穿过冰封王座尽头的隘口时,柳雨薇发梢上残存的金色余烬终于彻底熄灭。
她回头看了一眼身后那片永恒的冰封世界——冰凤守护者端坐的王座已消失在冰蓝色天幕尽头,只有三枚冰凤翎羽上流转的微光还在黑暗中无声闪烁,如同三位上古战将最后的凝视。
然后她转身,踏入了第四层。
空气在这里不再是冷或热,而是一种更原始、更纯粹的东西——锋芒。
每一步踏出,脚底都能感应到从大地深处透上来的刺痛感,不是岩石的棱角,不是冰层的寒刃,而是沉积了千年的剑意从地底向上穿透,如同一座倒悬的剑冢将所有的锋芒都朝向了闯入者。
脚下的地面不再是冰层或岩石,而是由无数断裂的剑刃与刀锋铺就的碎刃地毯,每一片金属碎片都在微微震颤,发出极低极细的嗡鸣,如同无数将死未死的魂灵在用最后的力气呻吟。

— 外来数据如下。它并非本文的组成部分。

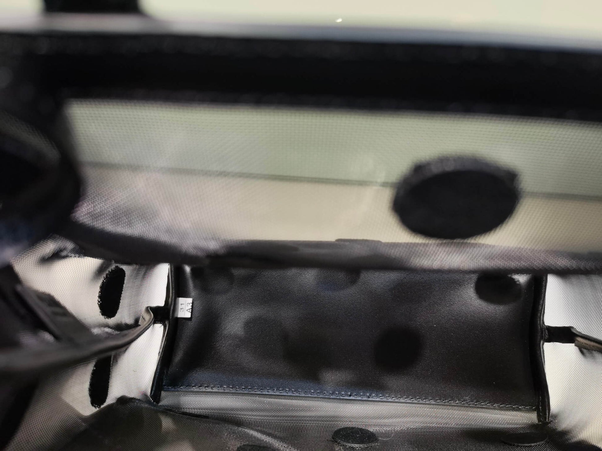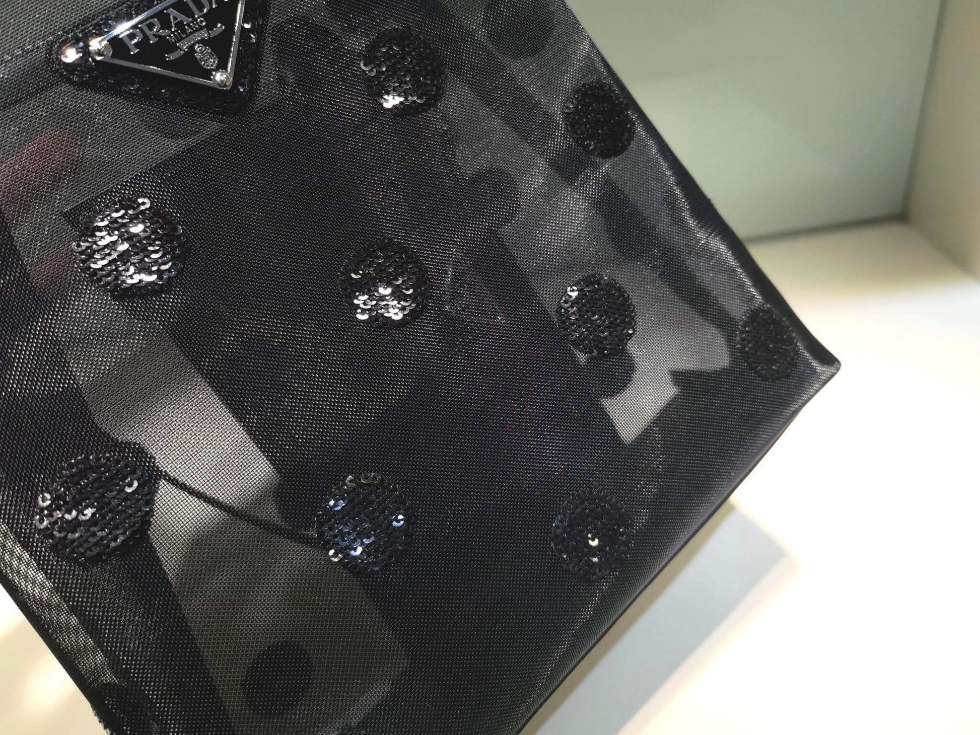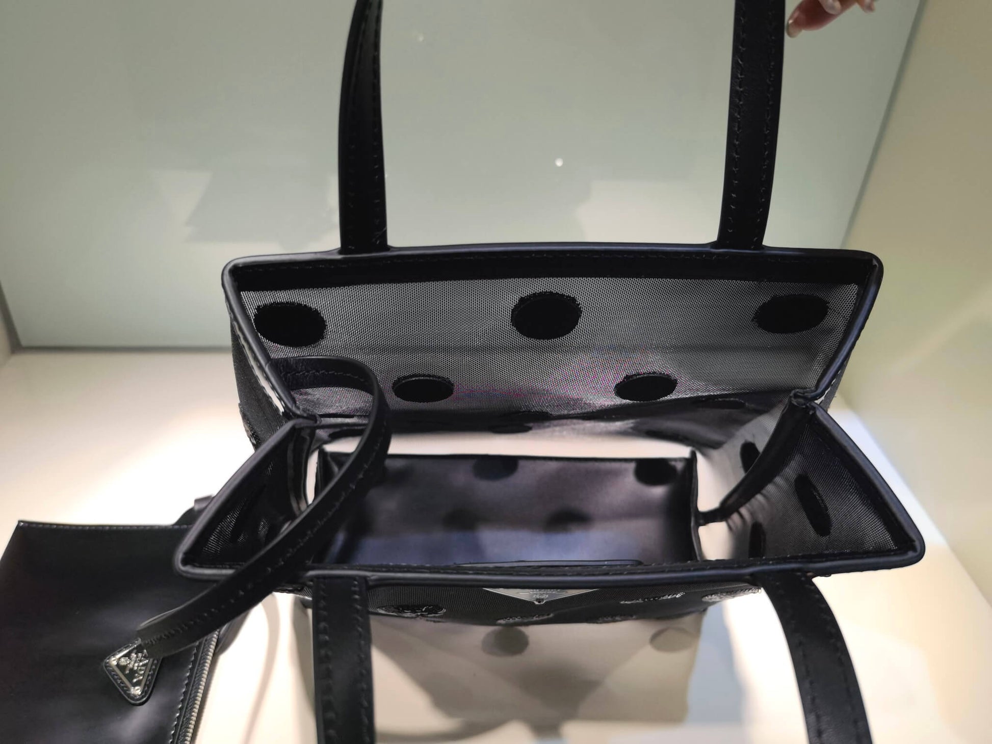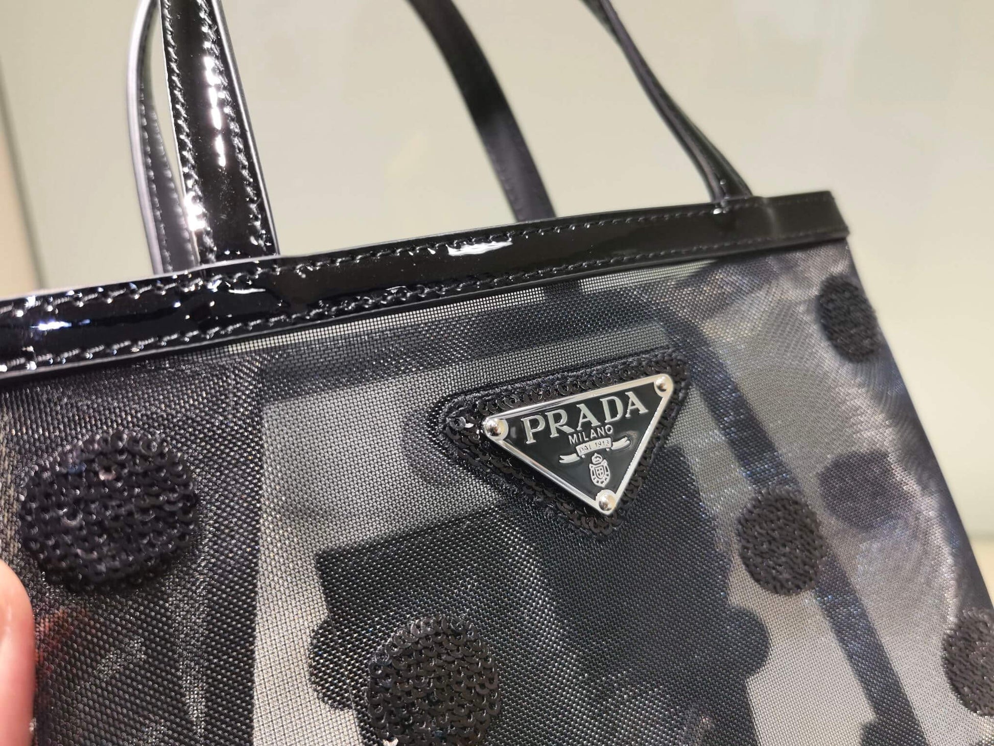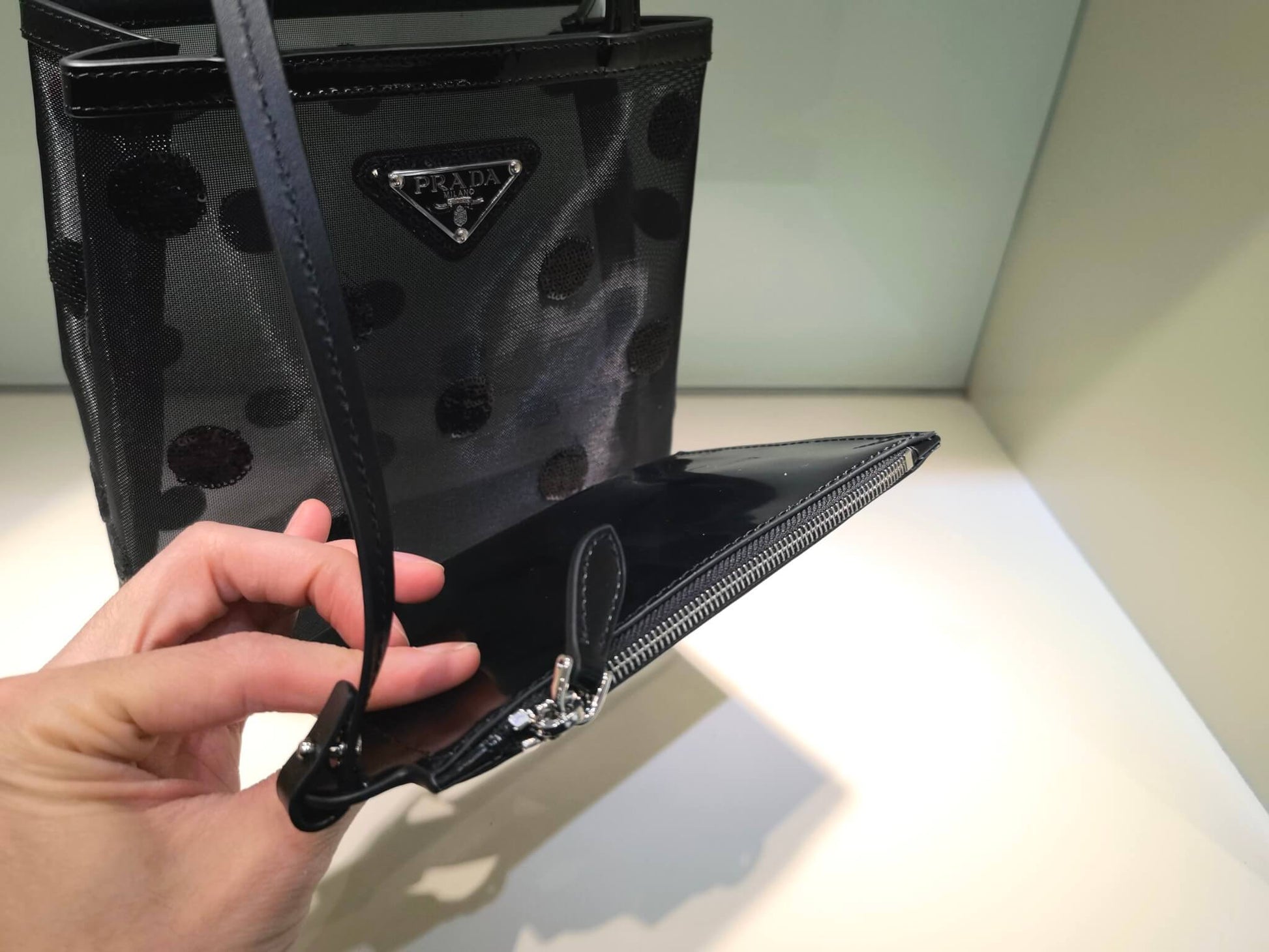 inside and is decorated with Prada's iconic enameled metal triangle logo.

万刃刀山。数千年来无数人族、妖族的剑道天骄葬身于此。他们生前是各自时代最耀眼的剑修,死后执念被天道恶念侵蚀扭曲,化作困于此地的怨魂,怨念凝成刀锋遍布整座山脉。
这是一座剑修的集体坟墓,每一柄插在山体上的利刃都是一座无名墓碑,墓碑上刻着的不是名字,是执念。
姜帅站在刀山脚下,混沌剑意在他周身自动流转。
他抬头望着这座由剑刃构成的山脉,山体上插满了各式各样的剑——有的锈迹斑斑,剑身上布满了蛛网般的裂纹;有的依旧锋利如新,在黑暗中闪烁着寒芒;有的斜插入岩,只露出半截剑身;有的悬在半空,剑尖朝下,微微旋转,仿佛还在等待一个永远不会再来的主人。
整座山都在低鸣,那声音混杂了太多剑意,尖锐的、沉闷的、暴烈的、阴冷的,它们在千年岁月中早已不分彼此,只剩下一个共同的执念——杀。
他的目光越过山脚下那些相对“新”的剑刃——那是近几百年来闯入神狱的剑修所留,剑意虽扭曲却尚能分辨各自的轨迹。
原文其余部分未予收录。